WE MAY INCUR SIGNIFICANT LIABILITIES IF WE FAIL TO COMPLY WITH ENVIRONMENTAL
REGULATIONS.

  We are subject to environmental regulations relating to the use, storage,
discharge, site cleanup, and disposal of hazardous chemicals used in our
manufacturing processes. If we fail to comply with present and future
regulations, or are required to perform site remediation, we could be subject to
future liabilities or the suspension of production. Present and future
regulations may also:

 .  restrict our ability to expand our facilities;

 .  require us to acquire costly equipment; or

 .  require us to incur other significant costs and expenses.

PRODUCTS WE MANUFACTURE MAY CONTAIN DESIGN OR MANUFACTURING DEFECTS WHICH COULD
RESULT IN REDUCED DEMAND FOR OUR SERVICES AND LIABILITY CLAIMS AGAINST US.

  We manufacture products to our customers' specifications which are highly
complex and may at times contain design or manufacturing errors or failures.
Defects have been discovered in products we manufacture in the past and, despite
our quality control and quality assurance efforts, defects may occur in the
future. Defects in the products we manufacture, whether caused by a design,
manufacturing or component failure or error, may result in delayed shipments to
customers or reduced or cancelled customer orders. If these defects occur in
large quantities or too frequently, our business reputation may also be
impaired. In addition, these defects may result in liability claims against us.

OUR OPERATING RESULTS WILL DEPEND ON OUR ABILITY TO MANAGE OUR GROWTH.

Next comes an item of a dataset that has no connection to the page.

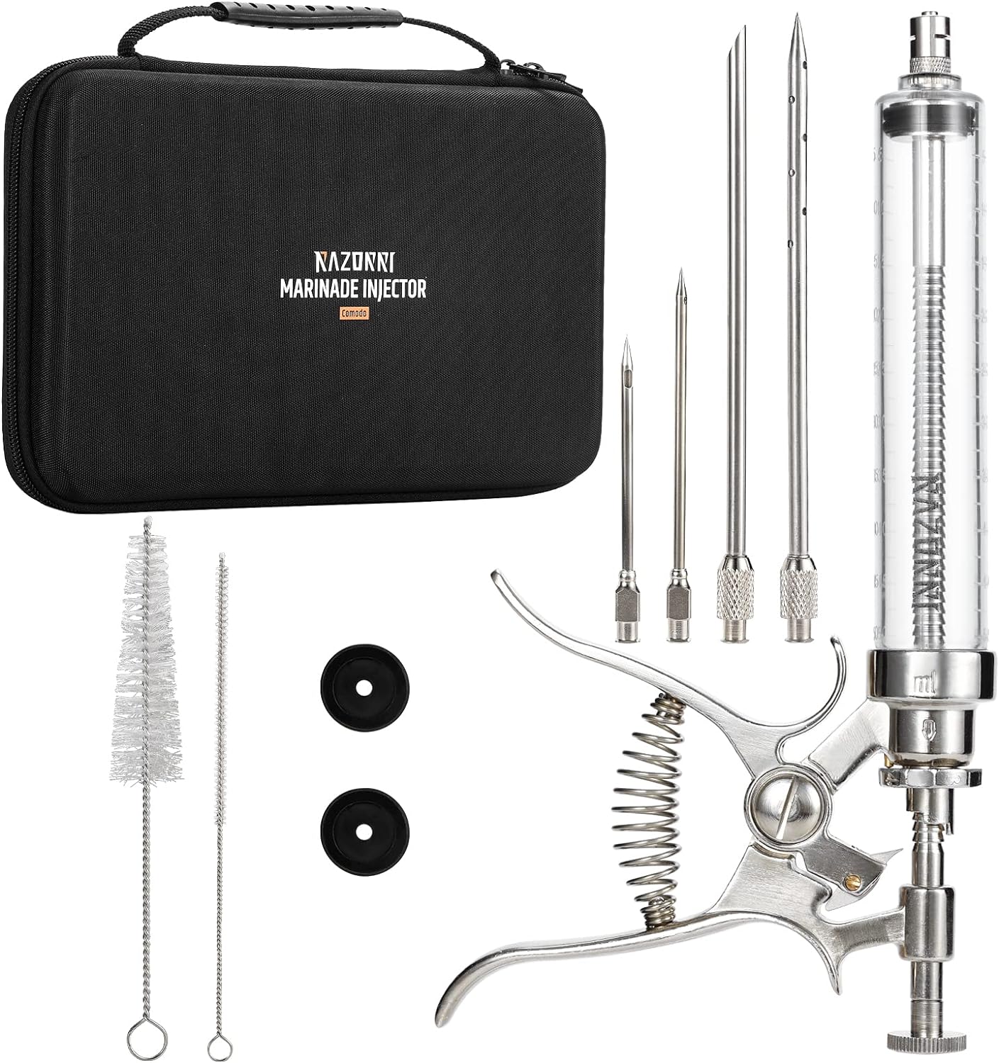 Add your favorite marinades, brines or other flavorings into meat or poultry with this Chefstyle flavor injector. Starting with the large handle that’s comfortable to pull and push at any angle and ending with the stainless-steel needle designed for thick or thin marinades, let this syringe’s flavor injecting power level up your cooking.

                                       19
<PAGE>

  We have grown rapidly in recent years and we expect to continue to expand our
operations. This growth has placed, and will continue to place, significant
strain on our management, operations, technical, financial, systems, sales,
marketing and other resources.  For example, we identified a significant
inventory shortfall occurring in the fourth quarter of fiscal 1997 that
substantially adversely affected our operating results for that period. As a
result of this shortfall, we reviewed and continue to review our security
procedures and operating and financial controls. Based upon such review, we
implemented enhanced security systems and inventory work-in-process tracking
systems. These systems may not be adequate or have the intended results.  We
have implemented various cost management programs to enhance our profitability.
These programs may not result in the anticipated cost savings, however. We will
have to continue to invest in both our manufacturing infrastructure to expand
capacity and our operational, financial, and management information systems. If
we fail to manage our expected growth effectively, the quality of our services
and products and our operating results could suffer significantly.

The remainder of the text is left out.